DATA EXTRACT:
>>>>

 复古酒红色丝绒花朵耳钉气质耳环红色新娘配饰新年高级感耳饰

<<<<
>>>>

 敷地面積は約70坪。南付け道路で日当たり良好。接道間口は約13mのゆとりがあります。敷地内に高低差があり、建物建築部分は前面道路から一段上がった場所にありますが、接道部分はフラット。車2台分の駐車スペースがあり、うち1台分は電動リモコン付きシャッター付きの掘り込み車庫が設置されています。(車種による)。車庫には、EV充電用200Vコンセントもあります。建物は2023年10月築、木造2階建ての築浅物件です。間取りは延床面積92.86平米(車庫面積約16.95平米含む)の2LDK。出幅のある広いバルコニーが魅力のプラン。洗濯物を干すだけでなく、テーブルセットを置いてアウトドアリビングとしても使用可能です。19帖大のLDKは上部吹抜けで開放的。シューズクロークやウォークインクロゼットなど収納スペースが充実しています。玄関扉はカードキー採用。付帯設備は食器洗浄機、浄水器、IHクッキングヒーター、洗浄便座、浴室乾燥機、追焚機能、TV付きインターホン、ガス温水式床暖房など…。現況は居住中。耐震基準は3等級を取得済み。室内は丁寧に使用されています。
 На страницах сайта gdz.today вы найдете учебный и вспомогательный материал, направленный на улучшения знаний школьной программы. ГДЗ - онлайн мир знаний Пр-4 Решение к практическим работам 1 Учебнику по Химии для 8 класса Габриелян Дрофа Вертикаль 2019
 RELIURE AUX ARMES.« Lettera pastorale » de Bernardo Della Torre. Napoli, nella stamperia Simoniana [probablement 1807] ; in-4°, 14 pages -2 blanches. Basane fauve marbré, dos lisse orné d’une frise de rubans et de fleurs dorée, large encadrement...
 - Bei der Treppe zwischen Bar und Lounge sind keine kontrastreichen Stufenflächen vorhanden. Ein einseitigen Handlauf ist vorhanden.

<<<<

Within the material above, output exactly the lines from the one with "敷地面積は約70坪。南付け道" through the one with "- Bei der Treppe", end lines included, and nothing besides.

RESPONSE TO THIS TASK:
 敷地面積は約70坪。南付け道路で日当たり良好。接道間口は約13mのゆとりがあります。敷地内に高低差があり、建物建築部分は前面道路から一段上がった場所にありますが、接道部分はフラット。車2台分の駐車スペースがあり、うち1台分は電動リモコン付きシャッター付きの掘り込み車庫が設置されています。(車種による)。車庫には、EV充電用200Vコンセントもあります。建物は2023年10月築、木造2階建ての築浅物件です。間取りは延床面積92.86平米(車庫面積約16.95平米含む)の2LDK。出幅のある広いバルコニーが魅力のプラン。洗濯物を干すだけでなく、テーブルセットを置いてアウトドアリビングとしても使用可能です。19帖大のLDKは上部吹抜けで開放的。シューズクロークやウォークインクロゼットなど収納スペースが充実しています。玄関扉はカードキー採用。付帯設備は食器洗浄機、浄水器、IHクッキングヒーター、洗浄便座、浴室乾燥機、追焚機能、TV付きインターホン、ガス温水式床暖房など…。現況は居住中。耐震基準は3等級を取得済み。室内は丁寧に使用されています。
 На страницах сайта gdz.today вы найдете учебный и вспомогательный материал, направленный на улучшения знаний школьной программы. ГДЗ - онлайн мир знаний Пр-4 Решение к практическим работам 1 Учебнику по Химии для 8 класса Габриелян Дрофа Вертикаль 2019
 RELIURE AUX ARMES.« Lettera pastorale » de Bernardo Della Torre. Napoli, nella stamperia Simoniana [probablement 1807] ; in-4°, 14 pages -2 blanches. Basane fauve marbré, dos lisse orné d’une frise de rubans et de fleurs dorée, large encadrement...
 - Bei der Treppe zwischen Bar und Lounge sind keine kontrastreichen Stufenflächen vorhanden. Ein einseitigen Handlauf ist vorhanden.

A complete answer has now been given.